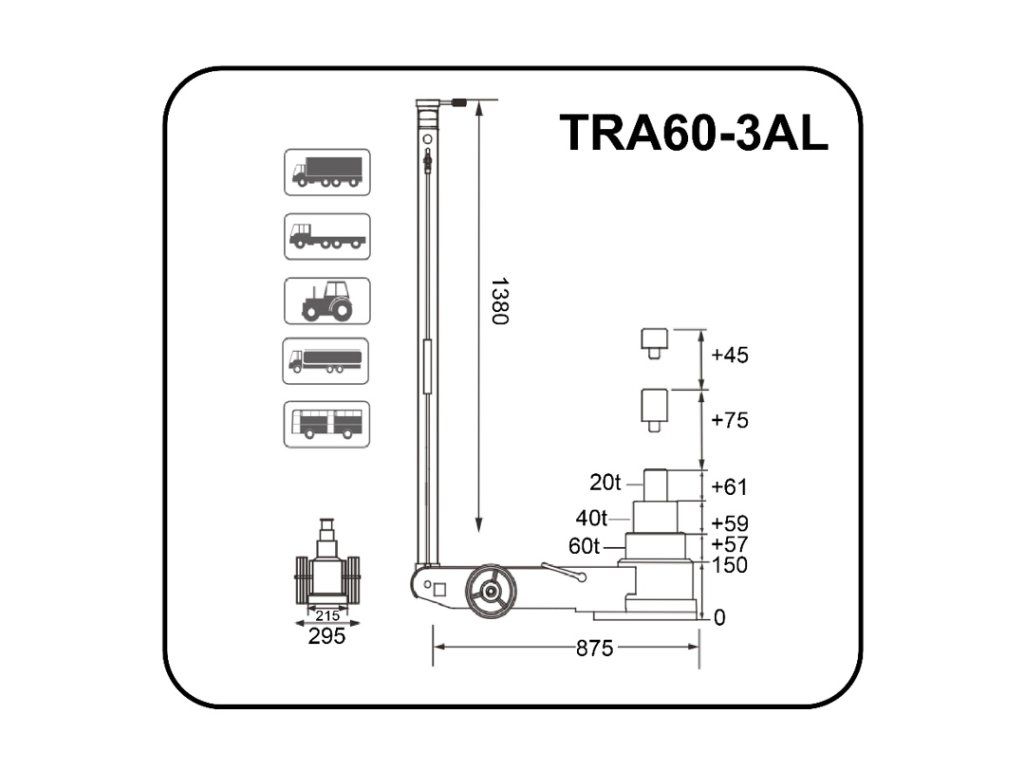 - Zdvih/nosnost: 207 mm (60t), 266 mm (40t), 447 mm (20 tun)
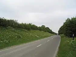 Crossing the road, the boundary goes due eastwards to meet the A1, which it then follows due south on the east side of the road. The boundary goes through The Fox, with North Witham parish to the east, to a point just south of the A1 interchange. The A1 was upgraded in early August 1971, through Rutland, to Tickencote (built by Rutland County Council). Before the road was improved, the South Witham crossroads on the A1 lay at the point where the sliproads join today.
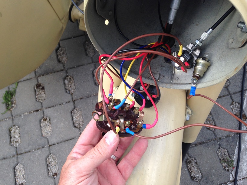 Ou remettre tout cela dans le phare, pour une 10 aine ca devrait le faire, ou petite boite de dérivation en fer avec joint caoutchouc, mais va va dénaturer la mémére ... Elle a mon age alors, vu qu'elle n'aura jamais de clignotants, ni de commodo moderne, je mettrai certainement un fusible a l'arrivée générale pour sécurite . Mais pour le contacteur a cle général, que ca soit connection par petite vis et fils etamés ou non ou des cosses, ca rouille rapidement quand meme . Peut etre qu'en bricolant des bouts de gaines thermo soudées sur ces connections ca ralentirait la chose , mais bonjour le démontage au cas ou .
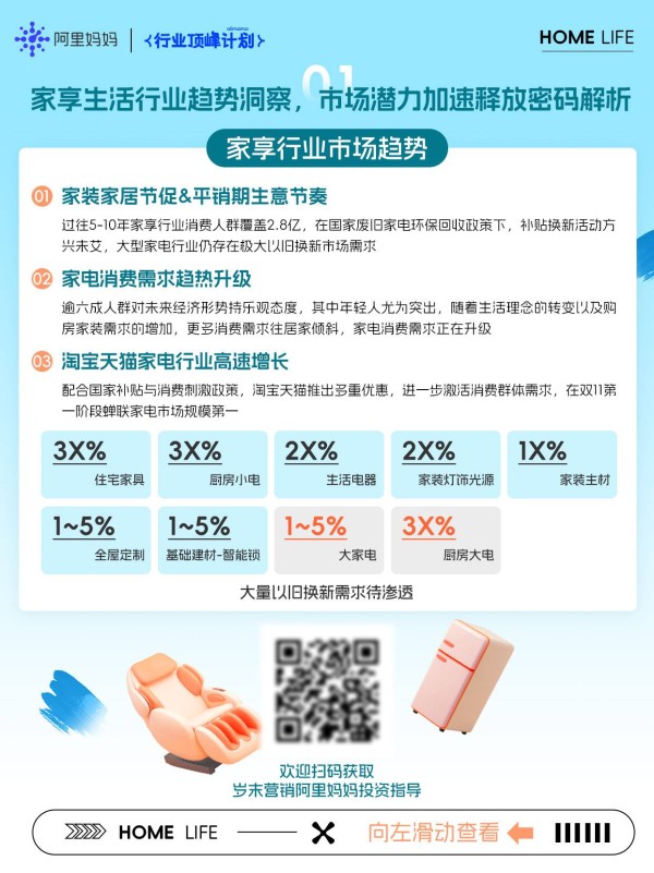 围绕「家享生活行业」市场趋势与需求升级,解码国补政策下家享行业市场机遇,引导商家在岁末前夕提前布局、尽早规划,通过重要品类交叉渗透与场景化组合,在销售窗口期迅速对接消费群体心智。
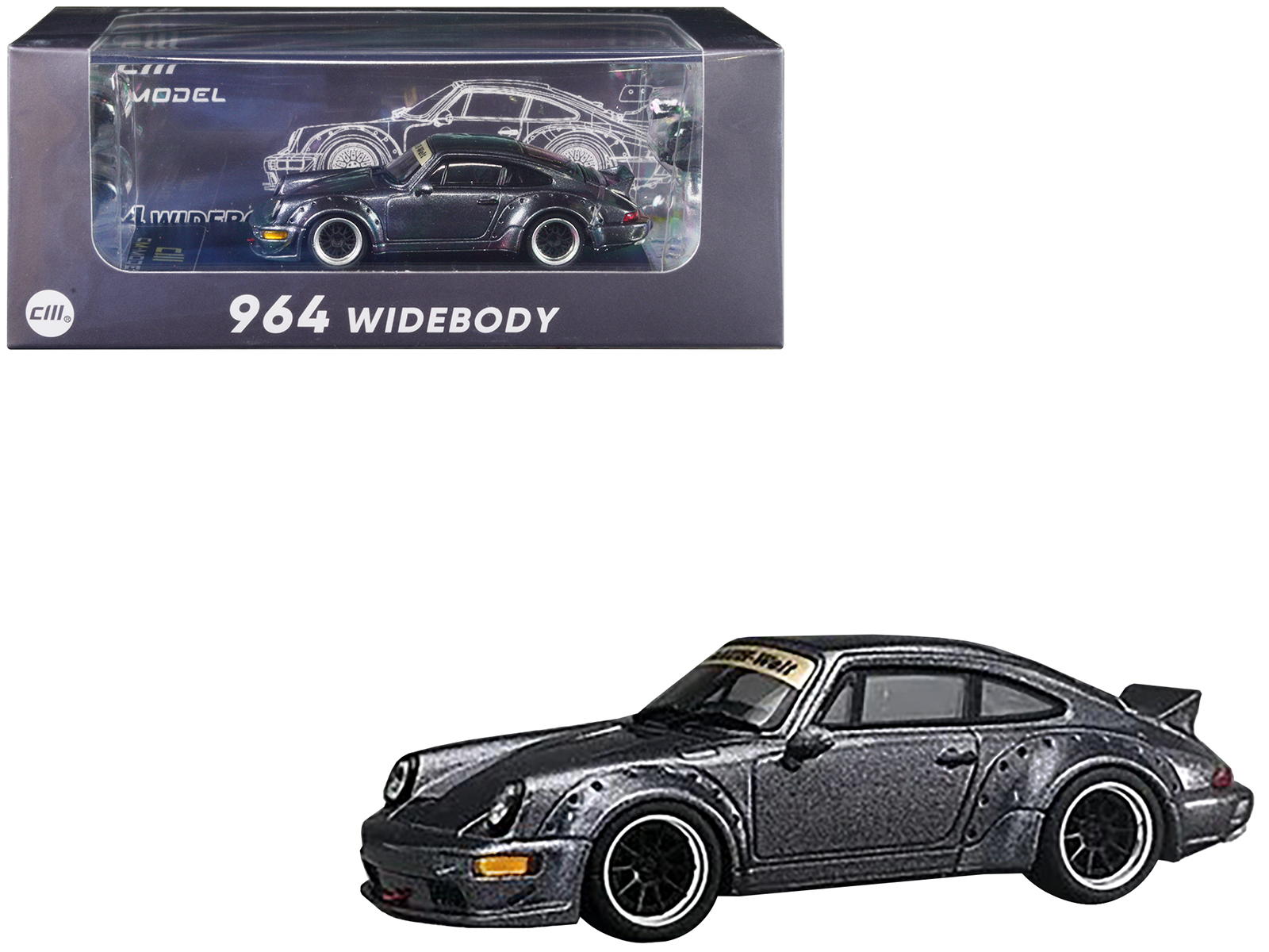 - Brand new 1/64 scale diecast car model of RWB 964 Gray Metallic with Extra Wheels die cast model car by CM Models.

::::

> [Problem]:
Please copy out each line above exactly as written, but not the pictures.

> [Output for this exercise]:
 - Zdvih/nosnost: 207 mm (60t), 266 mm (40t), 447 mm (20 tun)
 Crossing the road, the boundary goes due eastwards to meet the A1, which it then follows due south on the east side of the road. The boundary goes through The Fox, with North Witham parish to the east, to a point just south of the A1 interchange. The A1 was upgraded in early August 1971, through Rutland, to Tickencote (built by Rutland County Council). Before the road was improved, the South Witham crossroads on the A1 lay at the point where the sliproads join today.
 Ou remettre tout cela dans le phare, pour une 10 aine ca devrait le faire, ou petite boite de dérivation en fer avec joint caoutchouc, mais va va dénaturer la mémére ... Elle a mon age alors, vu qu'elle n'aura jamais de clignotants, ni de commodo moderne, je mettrai certainement un fusible a l'arrivée générale pour sécurite . Mais pour le contacteur a cle général, que ca soit connection par petite vis et fils etamés ou non ou des cosses, ca rouille rapidement quand meme . Peut etre qu'en bricolant des bouts de gaines thermo soudées sur ces connections ca ralentirait la chose , mais bonjour le démontage au cas ou .
 围绕「家享生活行业」市场趋势与需求升级,解码国补政策下家享行业市场机遇,引导商家在岁末前夕提前布局、尽早规划,通过重要品类交叉渗透与场景化组合,在销售窗口期迅速对接消费群体心智。
 - Brand new 1/64 scale diecast car model of RWB 964 Gray Metallic with Extra Wheels die cast model car by CM Models.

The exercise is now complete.